Testing revenue and LTV impact
Metrics like ARPU, revenue, and LTV are harder to evaluate than simple conversion rates. Chess.com relies on Amplitude’s stats calculator, plus dedicated analysts and finance support, to ensure accuracy. Templates with built-in LTV values for each plan (monthly and yearly) allow the team to quickly estimate the long-term impact of pricing or paywall changes.
During his time leading growth at Quizlet, Phil Carter’s team tightly integrated experimentation results into financial planning. Percentage lifts in ARPU or retention were plugged into models with finance to forecast annual impact and report to the board and investors.
How AI is reshaping experimentation
AI has been part of chess for years through game engines, but applying it to product experimentation is relatively new. On the monetization team at Chess.com, the biggest value so far comes from co-piloting tasks:
- Using ChatGPT to review experiment documentation and surface gaps.

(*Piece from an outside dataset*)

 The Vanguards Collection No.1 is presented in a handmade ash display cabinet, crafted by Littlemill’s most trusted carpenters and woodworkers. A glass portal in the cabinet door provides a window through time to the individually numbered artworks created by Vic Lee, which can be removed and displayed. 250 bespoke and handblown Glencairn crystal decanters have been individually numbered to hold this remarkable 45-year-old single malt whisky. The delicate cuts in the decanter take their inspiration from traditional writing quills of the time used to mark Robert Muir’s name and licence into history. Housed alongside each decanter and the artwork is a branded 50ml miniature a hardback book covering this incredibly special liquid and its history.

- Generating QA cases for the Friends & Family plan — edge scenarios the team hadn’t considered showed up immediately.
- Testing prototyping tools to speed up design mockups and handoffs, a critical step toward hitting the goal of 1,000 experiments a year.
- Sharing AI use cases across teams via dedicated Slack channels, from quick analysis to creative workflows.

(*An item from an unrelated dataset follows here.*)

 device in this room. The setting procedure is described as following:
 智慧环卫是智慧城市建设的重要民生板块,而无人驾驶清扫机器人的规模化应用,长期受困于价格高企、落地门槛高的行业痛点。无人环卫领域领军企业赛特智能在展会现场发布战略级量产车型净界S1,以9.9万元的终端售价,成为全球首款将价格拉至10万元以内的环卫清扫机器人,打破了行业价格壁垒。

Some experimentation platforms are going further by embedding AI into the testing engine itself. Helium focuses on paywall optimization, where the variables are limited — copy, visuals, pricing, badges. AI generates new variants automatically and runs multi-armed bandit tests to reach significance faster.
For early-stage teams, even lighter applications can be handy. As Andrey Shakhtin noted, it’s now possible to export a dataset and have GPT calculate significance on the fly — a shortcut that would have been unthinkable just a year ago.
Advice for teams just starting out
The first rule is simple: just get started. Overthinking tools and statistical details delays learning. Small, imperfect tests are better than none.
The second rule: don’t overcomplicate tooling. Building a full experimentation platform in-house can take years. Chess.com has invested five years and a dedicated team into their internal system — a huge effort. For most companies, the faster route is to use existing solutions. Options include Eppo, VWO, GrowthBook, Optimizely, RevenueCat, Helium, Superwall, and Adapty.
Finally, experiments should start small and focused. Early tests work best when they isolate one variable — like CTA copy or the order of pricing tiers on a paywall. Testing too many changes at once makes it impossible to know what actually drove results. Iteration is where momentum comes from: answer one question, move to the next, and build learnings step by step.
Wrapping up
A/B testing isn’t about chasing quick wins. It’s about building the muscle to run disciplined experiments, choose the right metrics, and learn fast without getting fooled by noise.
The big lessons from this session:
- Don’t call tests early — novelty fades.
- Anchor on one primary metric, protect your guardrails.
- Scale volume without losing focus.
- Use AI where it cuts time, but keep humans on strategy.
Most teams overcomplicate or undercommit. The ones that win treat experimentation as a core growth engine, not a side project.